I suppose, it should be rising..
Comment 16 Chris Wilson 2012-10-10 17:08:17 UTC
Created attachment 68407 [details] [review]
Dump RP interrupts limits

Drat missing some infomation, can you also apply the attached and dump again in the future?

In the meantime, grab intel-gpu-tools, and do intel_forcewaked & intel_reg_read 0xa014
Comment 17 Lukas Hejtmanek 2012-10-10 17:18:25 UTC
intel_forcewaked & intel_reg_read 0xa014
[1] 14876
Forcewake locked
0xA014 : 0xD0000
Comment 18 Chris Wilson 2012-10-11 09:06:35 UTC
Ok, that's the issue. We've programmed the up/down clocking interrupts as if we are in the lowest power state, when evidently we are still at max frequency - and so we never get a down clock.
Comment 19 Chris Wilson 2012-10-11 09:12:53 UTC
This ties in with your original observation that we needed to initialise gt powersaving twice, which makes me think that the ordering of intel_modeset_init_hw is wrong or that there is a delay required after setting some of the powerwells and reading values?
Comment 20 Lukas Hejtmanek 2012-10-11 12:24:06 UTC
Is there anything more I can provide?

Strange is, that it does not happen after each suspend/resume cycle. Do not know how many or what exactly has to happen so that RC6 is newer reached.
Comment 21 Chris Wilson 2012-10-11 12:37:37 UTC
Christian, depends how board you are and want to play with randomly moving functions about and inserting delays? Otherwise I'd let Rodrigo see if he can find a pattern. :)
Comment 22 Christian Speckner 2012-10-11 13:06:29 UTC
Hi!

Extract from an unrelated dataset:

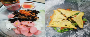 2019级本科生苟玉林:虽然在学校没法开火做菜,但是也可以做其他宿舍版“美食”。首先第一位上场的是拥有火辣身材的“老干妈香肠拌饭”。从食堂打包3毛钱的白米饭,加上两勺超市买的老干妈,最后再来根火腿肠!完美!进嘴的那一刻,老干妈的火辣瞬间充斥口腔,犹如千万只细小的蚂蚁啃食着嘴唇的每一个细胞,嘴唇在不断的变大变肿…好叭,其实是老干妈放多了,太辣了。接下来迎面向我们走来的是“宿舍版辣条三明治”选手。两片全麦面包,减脂期必备,夹上生菜、鸡蛋、黄瓜和辣条,最后撒上秘制沙拉酱就完成了!鉴于之前老干妈的教训,这次只放了两根辣条。大嘴咬下,哇哦~真的很美味!辣条的咸香和生菜黄瓜的清爽,配上淡淡的面包香…吃完还想再来一个!在这次动手做美食的过程中也感受到了做饭的不易。饭前得准备食材,饭后得清理厨具、食物残渣等,真的是一件很繁琐的事情。不由想到父母给我们做了二十多年的饭,真的很辛苦,有时候我还挑嘴,实在不应该。以后要好好珍惜别人的劳动成果和粮食呀!

Life has been pretty busy over the last couple of weeks, so must admit that I forgot about the issue ;) I think I'll find time to play around with the sequence and delays over the weekend, though.
Comment 23 Christian Speckner 2012-10-13 15:33:07 UTC
After cutting down the code, it seems that putting

gen6_gt_force_wake_get(dev->dev_private);
mdelay (10);
gen6_gt_force_wake_put(dev->dev_private);

(instead of the full intel_enable_gt_powersave) into i915_restore_state just before "/* Cache mode state */" is enough the fix the error for me. Leaving out the mdelay makes the behavior unreliable: sometimes, power consumption will be sane after resume, sometimes it won't. Just the delay is not sufficient either. Note that 10 msecs is propably way more than necessary, but I didn't have the patience to experiment with the value ;)
Comment 24 Christian Speckner 2012-10-13 16:07:37 UTC
Stupid me; the mdelay should be a msleep, and it is indeed enough. Let me explain: when experimenting I used a msleep by accident; I really wanted to use a mdelay. When I found that the code snipped which I wrote in my earlier post worked, I remembered that I had been toying with a mdelay at this place already before, without effect, so I did not retest. When writing the post, I noticed the msleep and decided to turn it into a mdelay, as I never would have thought that this makes a change. As I didn't want to rewrite the post after a reboot, I finished it and then rebooted to do a final check. However, to my total puzzlement, the mdelay variant was broken again!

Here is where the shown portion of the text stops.